### Task to complete
When you copy the entries, match them exactly and omit the pictures.

### Data in this exercise
..........

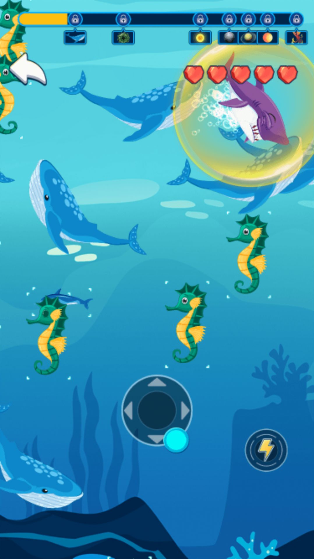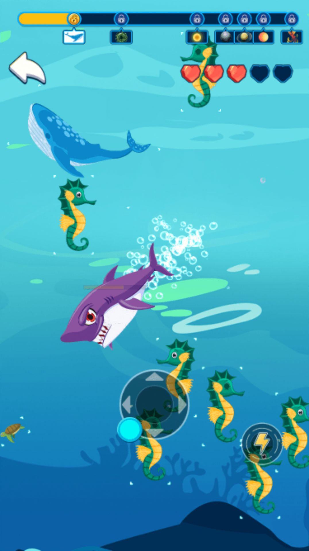 2、闯关挑战:完成每个关卡中的任务和障碍,解锁更高级别的海洋区域。
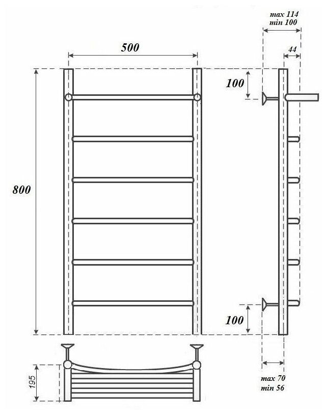 | Дополнительная информация | Полотенцесушитель - 1 шт, кронштейны для крепления к стене - 4 шт, кран Маевского - 1 шт, заглушка декоративная - 1 шт, Электротэн – 1 шт, паспорт/гарантийный талон - 1 шт |
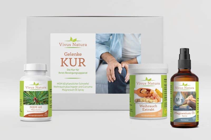 Bewegung ist Leben und Leben braucht Bewegung – um Ihren Bewegungsapparat zu unterstützen setzen wir in dieser Kur auf die pflanzliche Schwefelverbindung MSM, den Weihrauch Extrakt mit Ingwer plus Curcuma und unseren natürlichen Magnesium Öl Spray.
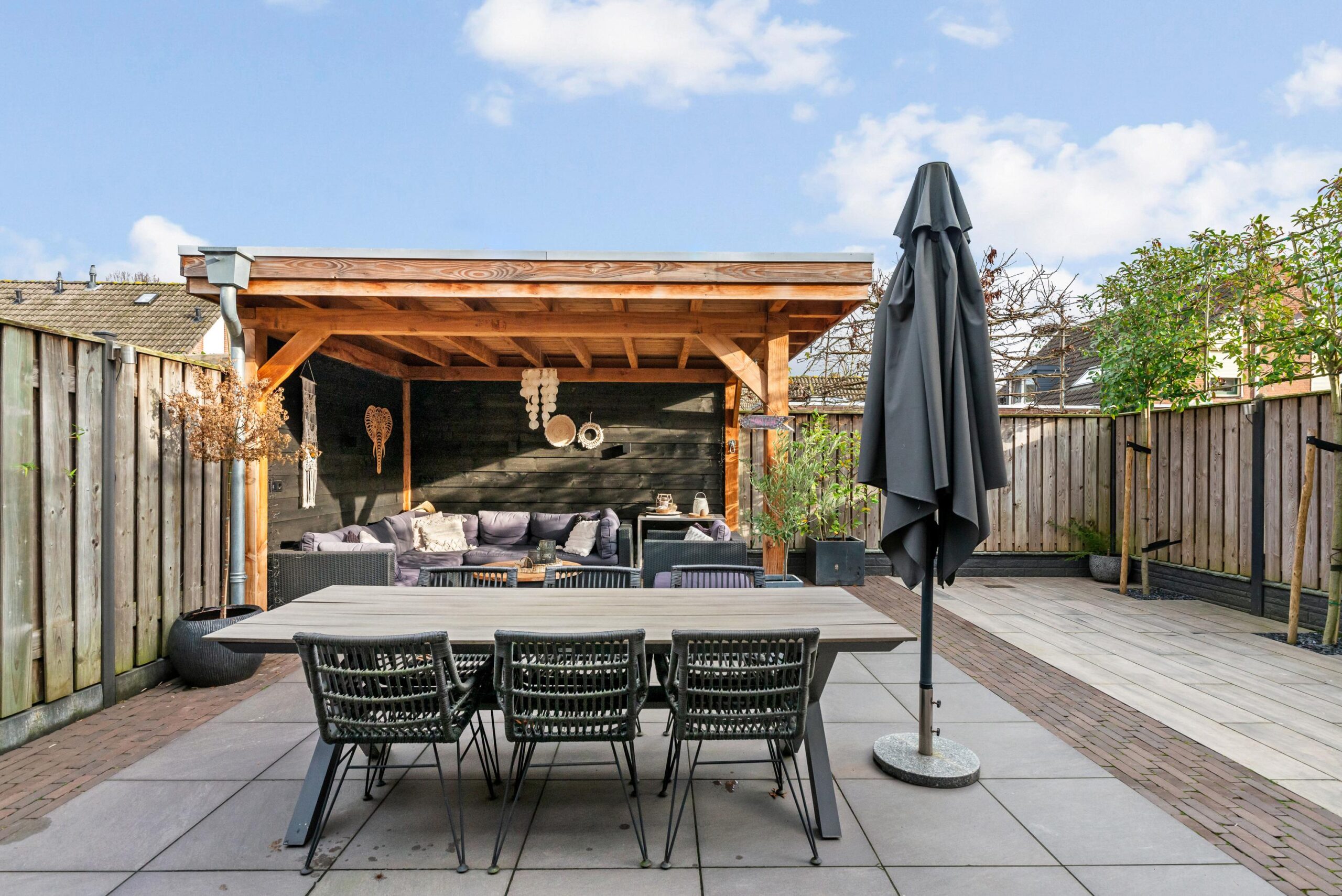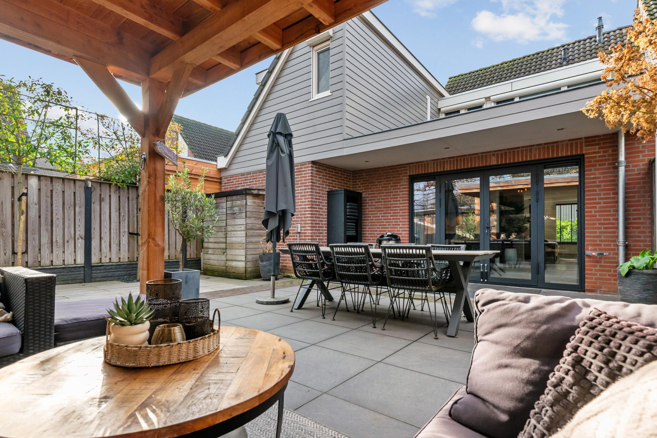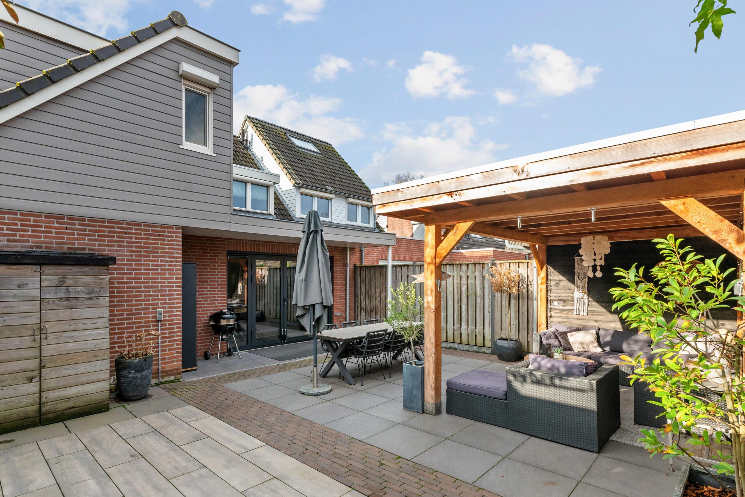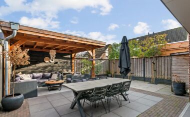 De achtertuin is een fijne, besloten plek met een ruime overkapping, waardoor je hier vrijwel het hele jaar door heerlijk buiten kunt zitten. Aan de voorzijde zorgt de carport voor extra gemak en parkeerruimte op eigen terrein.
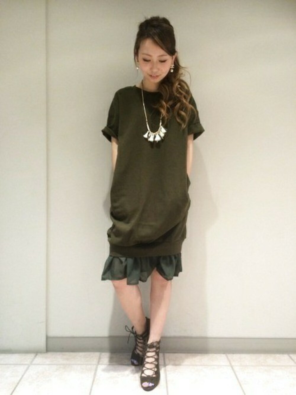 ざっくり着やすいワンピースの 入荷です! 足元で統一感をだしたことによって 全体的にまとまりラフな印象に(^○^)

..........

### Result of this exercise
 2、闯关挑战:完成每个关卡中的任务和障碍,解锁更高级别的海洋区域。
 | Дополнительная информация | Полотенцесушитель - 1 шт, кронштейны для крепления к стене - 4 шт, кран Маевского - 1 шт, заглушка декоративная - 1 шт, Электротэн – 1 шт, паспорт/гарантийный талон - 1 шт |
 Bewegung ist Leben und Leben braucht Bewegung – um Ihren Bewegungsapparat zu unterstützen setzen wir in dieser Kur auf die pflanzliche Schwefelverbindung MSM, den Weihrauch Extrakt mit Ingwer plus Curcuma und unseren natürlichen Magnesium Öl Spray.
 De achtertuin is een fijne, besloten plek met een ruime overkapping, waardoor je hier vrijwel het hele jaar door heerlijk buiten kunt zitten. Aan de voorzijde zorgt de carport voor extra gemak en parkeerruimte op eigen terrein.
 ざっくり着やすいワンピースの 入荷です! 足元で統一感をだしたことによって 全体的にまとまりラフな印象に(^○^)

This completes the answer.